Jeff Goins on Real Artists Don’t Starve, Part 4

In his book, Real Artists Don’t Starve: Timeless Strategies for Thriving in the New Creative Age, Jeff Goins discusses how we can apply prudent strategies in positioning ourselves for thriving in our chosen field of craft.

These are some of my favorite concepts and takeaways from reading the book.

Chapter 4, Harness Your Stubbornness

In this chapter, Jeff discusses why it is essential for thriving artists to harness their stubbornness. He offers the following recommendations for us to think about:

  • All artists have a secret weapon, and it is stubbornness. It is not productive to be stubborn about everything.

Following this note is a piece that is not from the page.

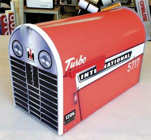 IH Mailbox Wrap FARM HOME Miscellaneous When a customer asked Derek Venette to make an International wrap for his mailbox the New York state graphic designer knew very little about tractors Based on the photo of another mailbox the artist ended up with a design that his client liked - as well as many others “I never realized IH had such a big following ” Venette says “I put it on my personal Facebook page and on Farmall’s Facebook page and had 400 likes on it with people asking ‘Where can I get one?’ ” His design - for a large mailbox the client provided - includes the logo tractor elements and the client’s address number “It looks basic but it has shadows and I went piece by piece to create the headlights and grill ” he says It took about four trials to get it just right - especially the correct red color for International It took another 2 hrs to apply the laminated wrap to the mailbox Lifespan for the vinyl wrap is 6 to 8 years Venette says “I’ve done cars buses snowmobiles and motorcycles but this was my first mailbox ” he notes He recently purchased a large format digital printer and would like to follow up on requests he received from the Farmall Facebook site Venette is open to doing other model tractor designs as well He notes that for DIYers he could create the wrap and they could apply it themselves but most people don’t want to attempt it He invites people to contact him about requests and pricing Contact: FARM SHOW Followup Derek Venette New York State ph 607 426-4261; derek venette@gmail com
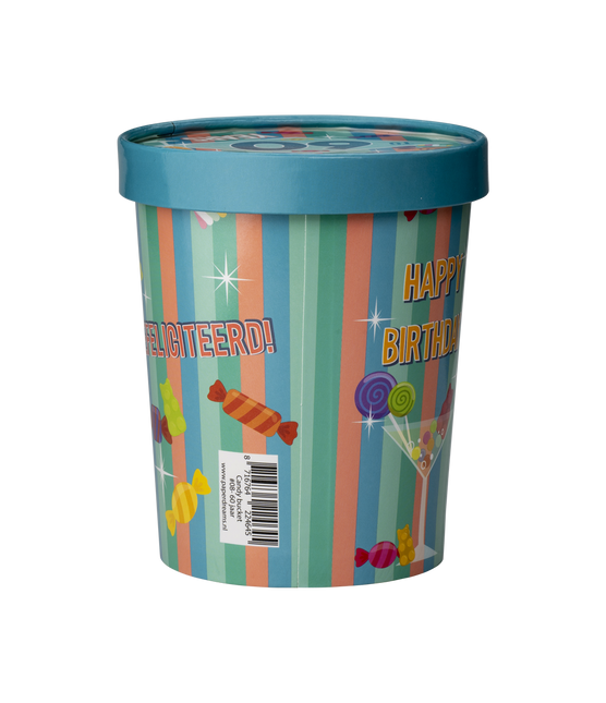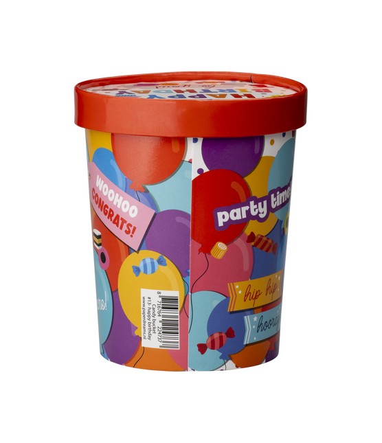 Bij Partywinkel zijn onze snoepbakjes gemaakt van hoogwaardig karton. Dit materiaal is stevig genoeg om een verscheidenheid aan snoepjes te dragen, maar toch licht en makkelijk te hanteren. Kartonnen snoepbakjes zijn milieuvriendelijker dan plastic alternatieven en kunnen na gebruik gemakkelijk worden gerecycled. Het gebruik van kartonnen snoepbakjes biedt ook een aantal praktische voordelen. Ze zijn eenvoudig te monteren en kunnen plat worden opgeborgen, wat handig is voor transport en opslag. Daarnaast zijn ze sterk genoeg om een breed scala aan snoepjes te bevatten, van lichte suikerspin tot zwaardere chocolaatjes.

We need to channel the stubbornness energy strategically on things that count.
  • Strategic stubbornness is the ability to persevere and maintain passion for long-term goals despite adverse circumstances. Grit, as defined by Angela Duckworth, entails working strenuously toward challenges and maintaining effort and interest over time despite failure, adversity, and plateaus in progress.
  • As aspiring artists, our job is not to be perfect every time but to be creating. By consistently creating and delivering projects, we can harness our stubbornness and apply it toward the right things. We need to turn our determination into tenacity and leverage it to succeed.
  • Strategic stubbornness for thriving artists focuses on the vision, but we are flexible on the supporting details to get to the end goal. Along the way, there will be plenty of support and criticism, but the thriving artists do not take any of it personally. We realize the ultimate success might not be totally up to us, so the best we can do is keep on creating and delivering.
  • For most successful work or endeavors, talent did not cause them; tenacity did. If we want our work to succeed, we need to be stubborn about the right thing. In creative work, stubbornness can be an asset.

In summary, “The Starving Artist is stubborn about everything. The Thriving Artist is stubborn about the right things.”